[Records contained in a dataset]
* * * * * * * * *

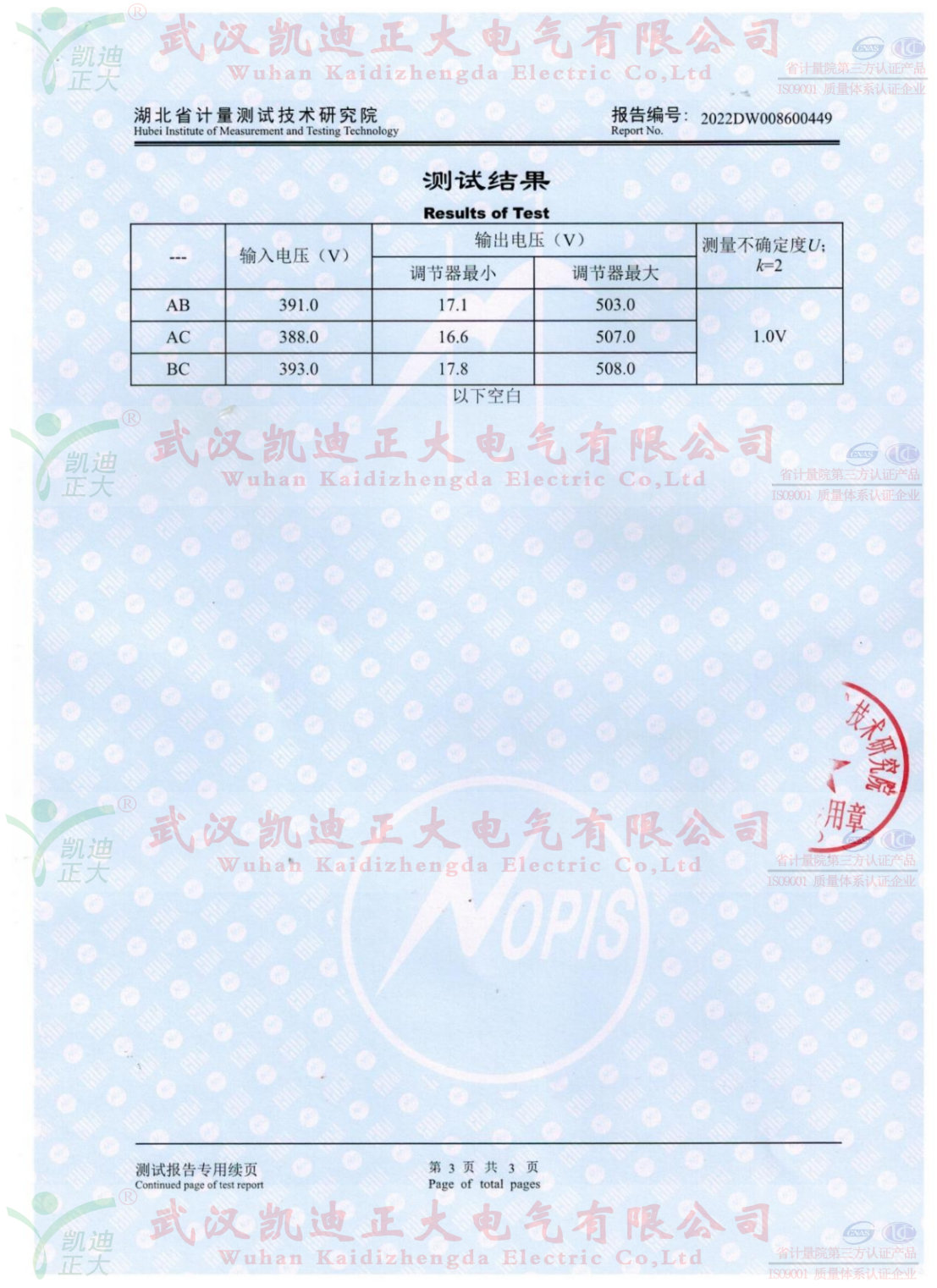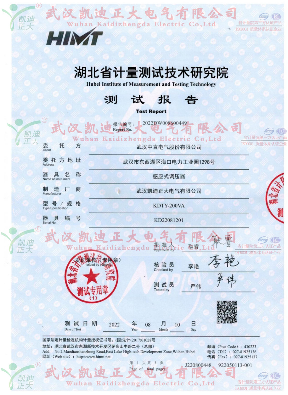 由于供應速度、售后服務態(tài)度因素很快就收到了長興電器集團中直電氣股份公司的采購訂單。感應調壓器送湖北省計量測試研究員測試的紙質報告已出。送檢結果如下:本次檢測是以數(shù)字多用表為主要檢測設備,以JJF 1587-2016《數(shù)字多用表校準規(guī)范》為技術依據(jù),由湖北省計量測試技術研究院檢測完成的。
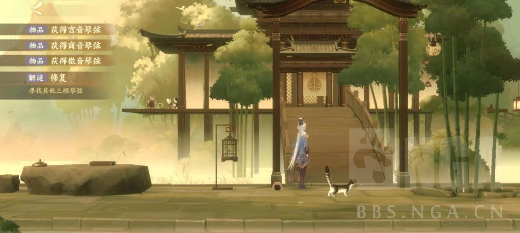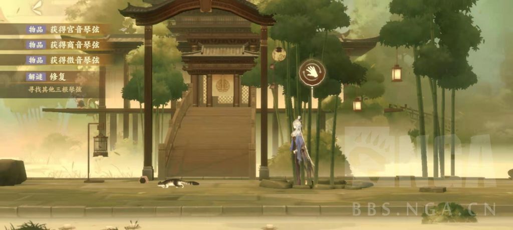 回到梦境,在鸟笼旁边的灯笼上得到宫音琴弦。梦境竹林里得到羽音琴弦。
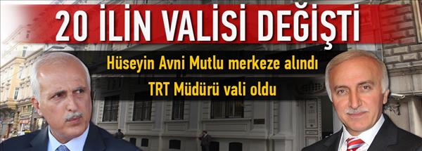 Buna göre, İstanbul Valisi Hüseyin Avni Mutlu, Balıkesir Valisi Ahmet Turhan, Osmaniye Valisi Mehmet Oduncu, Çorum Valisi Sabri Başköy, Denizli Valisi Abdülkadir Demir, Erzincan Valisi Abdurrahman Akdemir, Diyarbakır Valisi Mustafa Cahit Kıraç, Bayburt Valisi Mükerrem Ünlüer ve Kamu Düzeni ve Güvenliği Müsteşarı Mehmet Ulvi Saran Merkez Valiliği’ne getirildi.
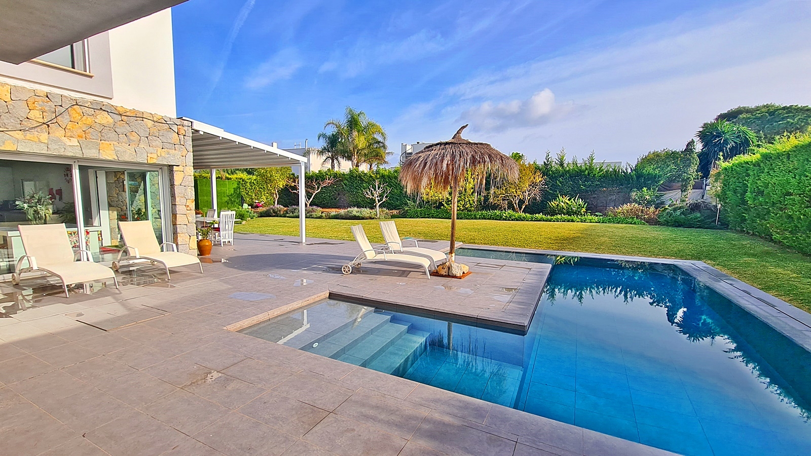 Luxusvilla mit elegantem Pool und sehr gepflegtem, grossen Garten in ruhiger Wohngegend nahe Port Adriano, im Südwesten Mallorcas kaufen.Diese Villa auf einem 1000 m2 großen Grundstück wurde ca. 2020 fertiggestellt und verfügt über eine bebaute Fläche von 450 m2, davon ca. 255 m2 Wohnfläche, verteilt auf 2 Ebenen.
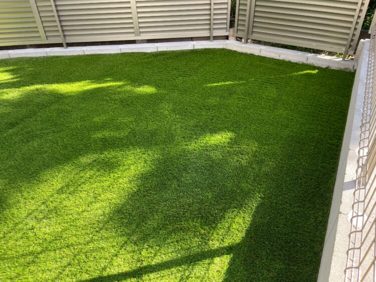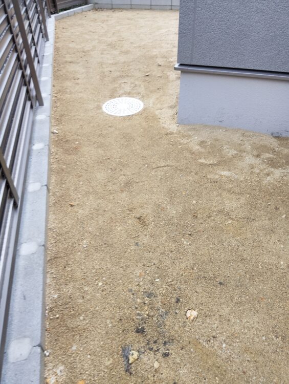 排水桝の処理: 目立つ位置にあった2か所の排水桝は、人工芝を被せる加工を施し、景観を損なわない「隠す仕上げ」を行っています。
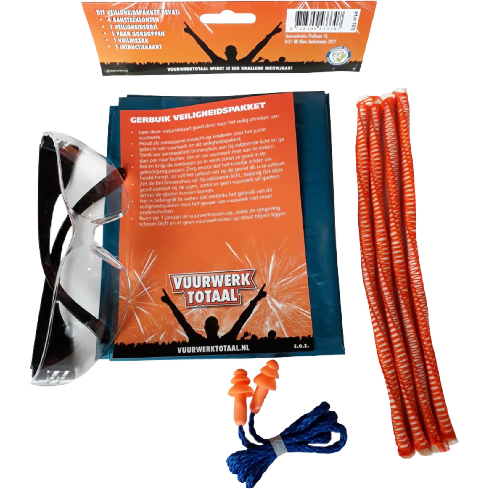 4 x aansteeklont, oordopjes, veiligheidsbril, afvalzak.
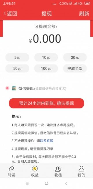2、收益满0.7元提现,随赚随提,支持提现到微信钱包上,提现24小时内到账
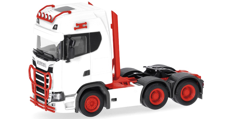 In einer außergewöhnlichen Farbgebung erscheint die dreiachsige Scania CS 20 Zugmaschine.
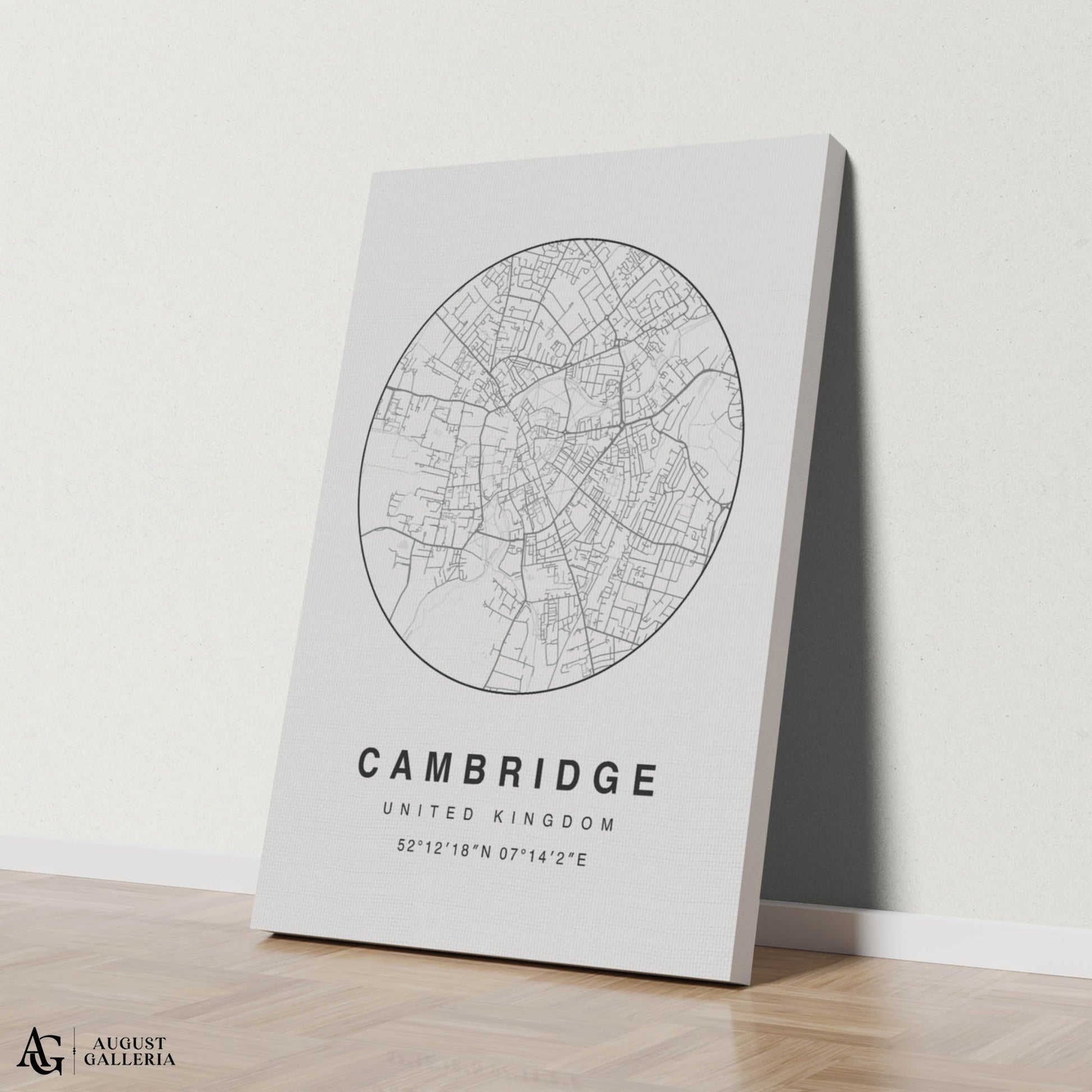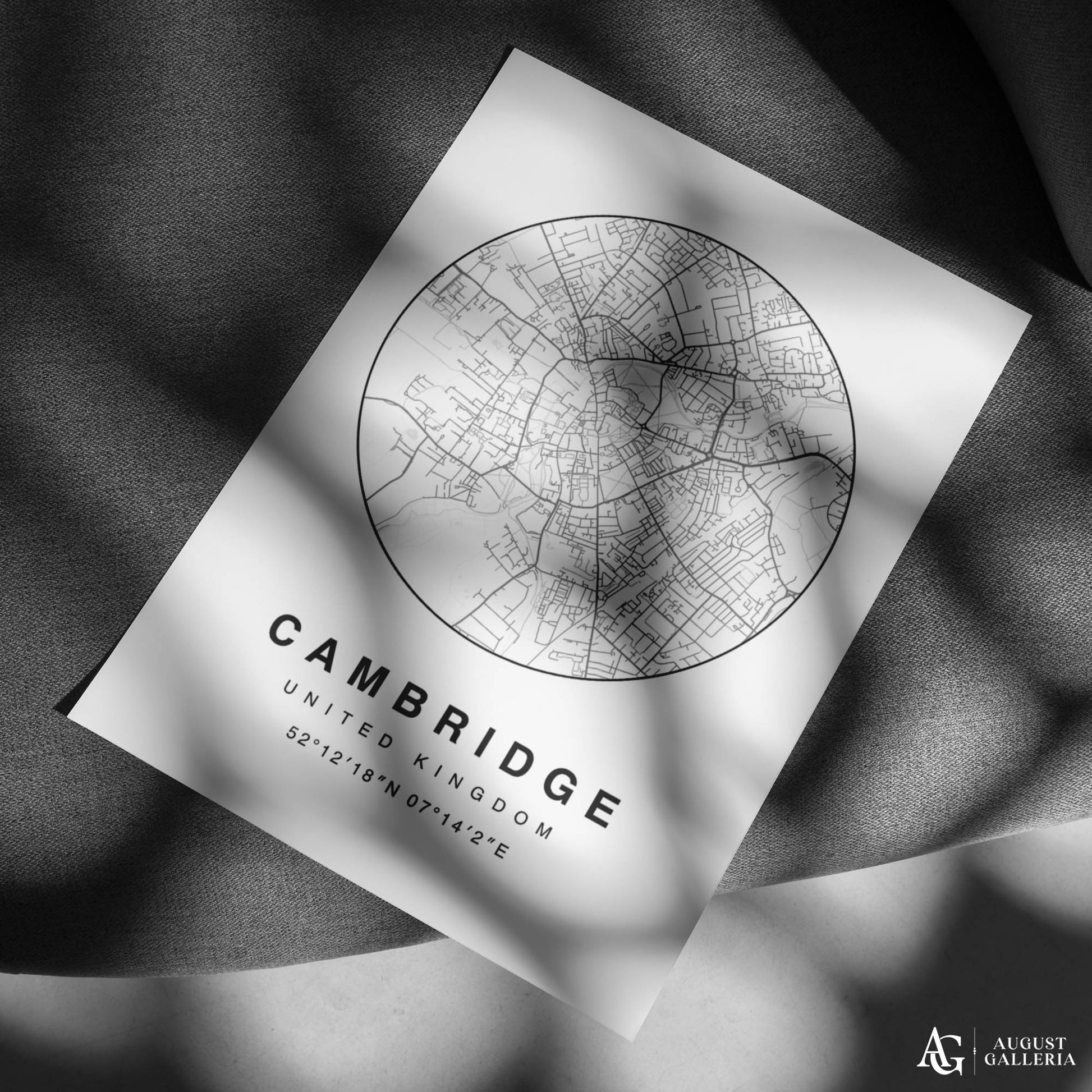 A minimalist map print of Cambridge beautifully showcasing England's historic university city with clean lines and a modern aesthetic. Highlighting Cambridge's iconic landmarks such as the University of Cambridge colleges, King's College Chapel, and the River Cam, this artwork blends simplicity with cultural significance. Perfect for lovers of academic heritage and contemporary decor, this print adds a touch of sophistication and intellectual charm to any space, celebrating Cambridge's rich history and architectural elegance in minimalist style.
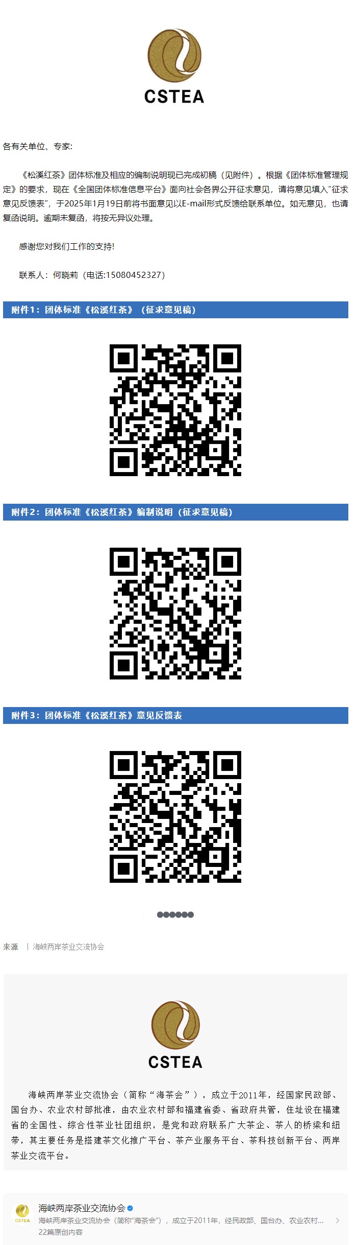 关于对《松溪红茶》团体标准(征求意见稿)征求意见的函
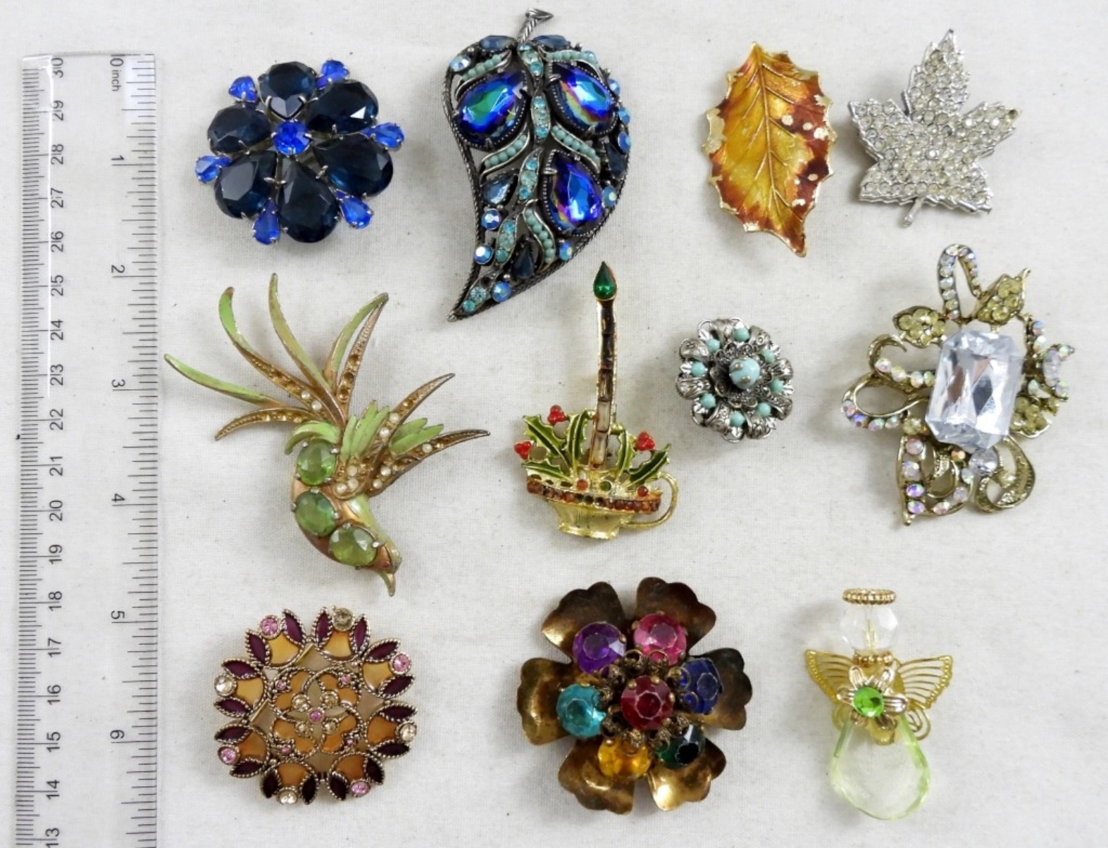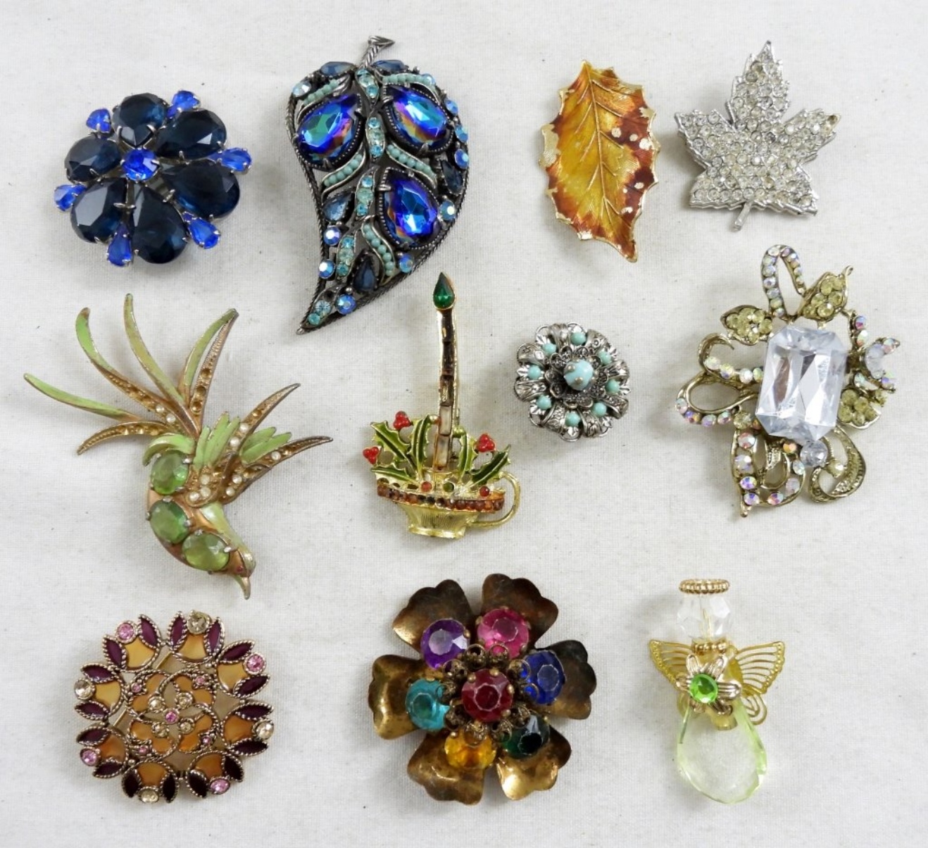 11 ASSORTED BROOCHES, BID NOW!, ONE HAS A BROKEN PIN

* * * * * * * * *

- **Task**: Could you repeat exactly the lines from the one containing "关于对《松溪红茶》团体标准(征求意见稿)征求意见的函" through the last line of the records, both included, without the pictures?

- **Reply**:
 关于对《松溪红茶》团体标准(征求意见稿)征求意见的函
 11 ASSORTED BROOCHES, BID NOW!, ONE HAS A BROKEN PIN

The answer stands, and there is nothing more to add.